Farmers also complained of the imported agricultural produce that flooded the local market as they failed to secure viable markets.

Irrigation
In 2015, Government secured a loan facility from the Brazilian Government to cater for agricultural machinery and equipment targeting about 22 000 A1 and communal farmers. The equipment was availed on a cost recovery basis.

Beneficiaries of the programme received tractors, fertiliser spreaders, lime spreaders and irrigation kits.

The move was hailed by most agricultural experts as a noble way to capacitate smallholder farmers who played a pivotal role in food production.

Experts said by modernising and commercialising smallholder farming, the nation would achieve household food security, which would eventually translate into national food security.

Agriculture, Mechanisation and Irrigation Development Minister Dr Joseph Made said the programme empowered smallholder farmers, especially youth and women with modern machinery to boost production.

“The programme has a direct impact on food production. Farmers will be able to produce crops that will boost their income. Ending hunger is also an overall objective of the African continent and Sadc. This programme will enable production of crops of all kinds including horticulture throughout the year,” said Minister Made.

Agriculture economist, Mr Midway Bhunu said irrigation resuscitation was the best development in 2015 since smallholder farmers experienced challenges of erratic rains as a result of climate change.

“We have irrigation schemes with the potential to produce, but have been failing as the equipment is dilapidated. This machinery will ensure farmers improve the quality of their produce since there is modern technology to be used across the production cycle from tillage, planting, weed control to harvesting,” said Mr Bhunu.

“Production costs will be reduced as operations become more efficient.

“Farmers will produce high quality produce that will fetch viable prices on the market,” he said.

Arda
The Agricultural Rural Development Authority is on a recovery path with 50 percent of its estates now operational through public-private partnerships.

Arda revived 11 of its 21 estates in 2015 and they are now highly mechanised.

Estates such as Middle Sabi, Mkwasine, Katiyo, Nandi, Sisi, Jotsholo, Fair Acres, Chisumbanje, Antelope, and others were resuscitated and put to production of sugarcane, wheat, maize, seed cotton and soyabeans, among other crops.

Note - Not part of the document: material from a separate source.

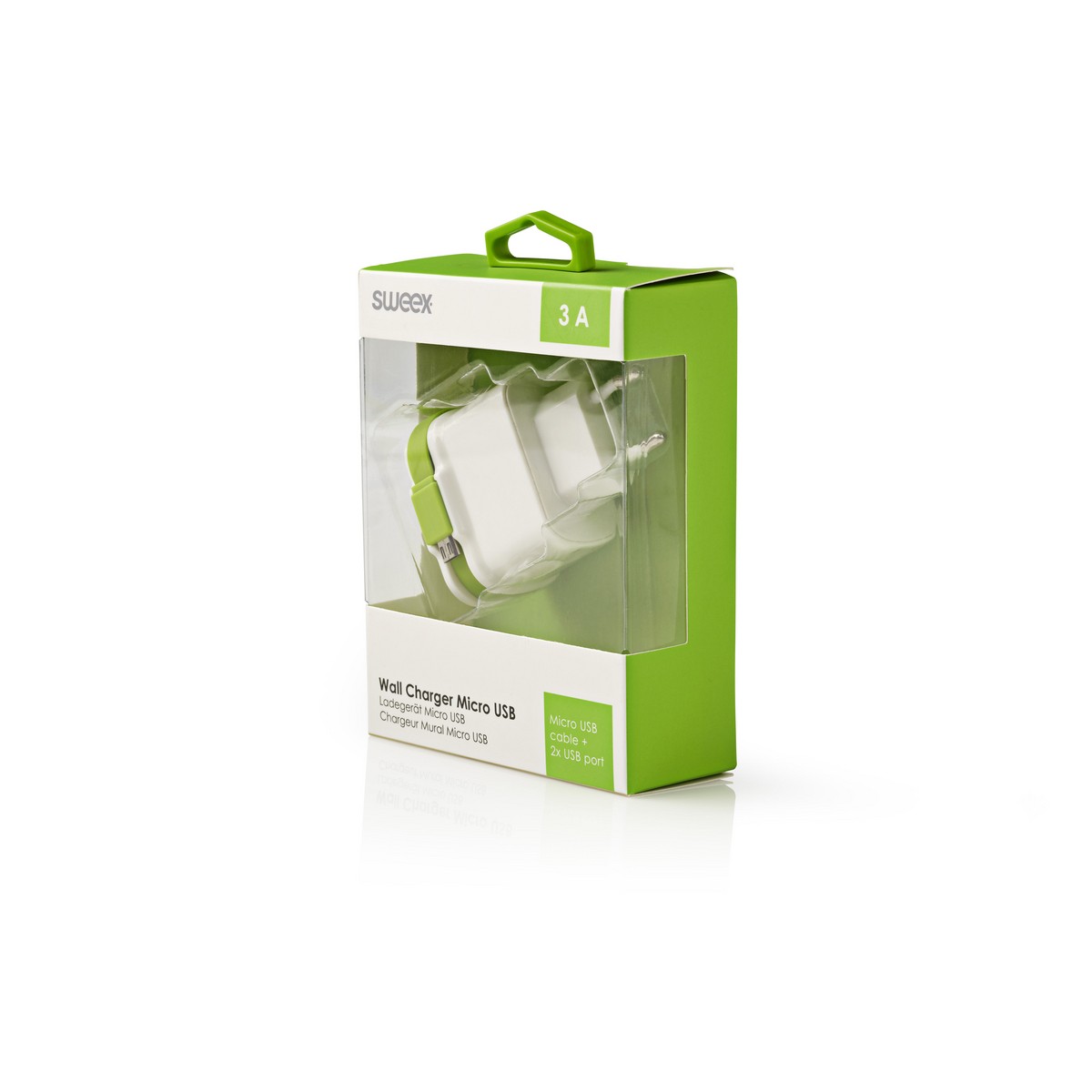 Wall charger 3-outputs 3 A 2 x USB / Micro USB White / Green
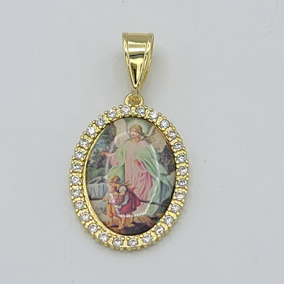 Pendants - 14K Gold Plated. Guardian Angel w/crystals. Angel de la Guarda

Some of the estates are expected to start value addition of agricultural produce soon. The PPPs arrangement allows the investor to bring in cash, equipment and inputs. Arda owns the land and they get into a contract.

The contracts are for five years and are renewable. The joint ventures have also created employment opportunities for surrounding communities.

Grain Marketing Board
The GMB, which is the one of the buyers offering high prices for grains, managed to settle its debts by paying farmers who had been owed money for grain delivered. This season, GMB cleared all outstaying payments with farmers who delivered their wheat from as far back as 2007 receiving their money. This move increased farmers’ viability as they could buy inputs and prepare for the 2016 summer cropping season. Farmers have, however, called on Government to re-capacitate the GMB to pay farmers instantly as this will boost maize production and national food security.

Inputs/funding
There was a decline in fertiliser prices in 2015 with the sector targeting to reduce prices by 20 percent. This however did have any meaningful impact as the price of seed increased in 2015 further eroding farmers profits. Fertiliser uptake has remained low despite the decline in prices since October. Compound D was selling at $27,50 down from around between $32 and $35 per 50 kilogramme bag. This poor uptake was attributed to the prediction of an El Nino phenomenon and the resultant low rainfall activity. Although farmers faced liquidity challenges, the major problem was drought.

Funding
Farmers continued to face funding challenges in 2015, despite efforts by the banking sector to support agriculture through $1 billion fund. Most farmers failed to access the fund especially small-scale who did not have collateral.

Banks have not started accepting 99-year leases as collateral and this has further affected farmers’ chances of accessing funding.

Farmers have also complained of high interest rates and short terms of repayment on loans, which they say is not conducive for agriculture. Tobacco farmers have benefited from funding through the contract system.

The bulk of the money availed by banks goes towards tobacco production as it is easy for the institutions to recover their money. Tobacco has an organised marketing system. Government is however working on re-introducing the stop order system for all crops to enhance participation of the banking sector in funding of agriculture.

Drought
The Meteorological Services Department predicted normal to below normal rainfall for the 2015/ 16 season.

The season is expected to be short and this is not good for agriculture.

A number of farmers have reduced production of tobacco, maize crops while others have diversified to small grains. Other farmers have turned to conservation agriculture.

Tobacco
The tobacco sector remained one of the most competitive industries although there were challenges especially during the marketing season.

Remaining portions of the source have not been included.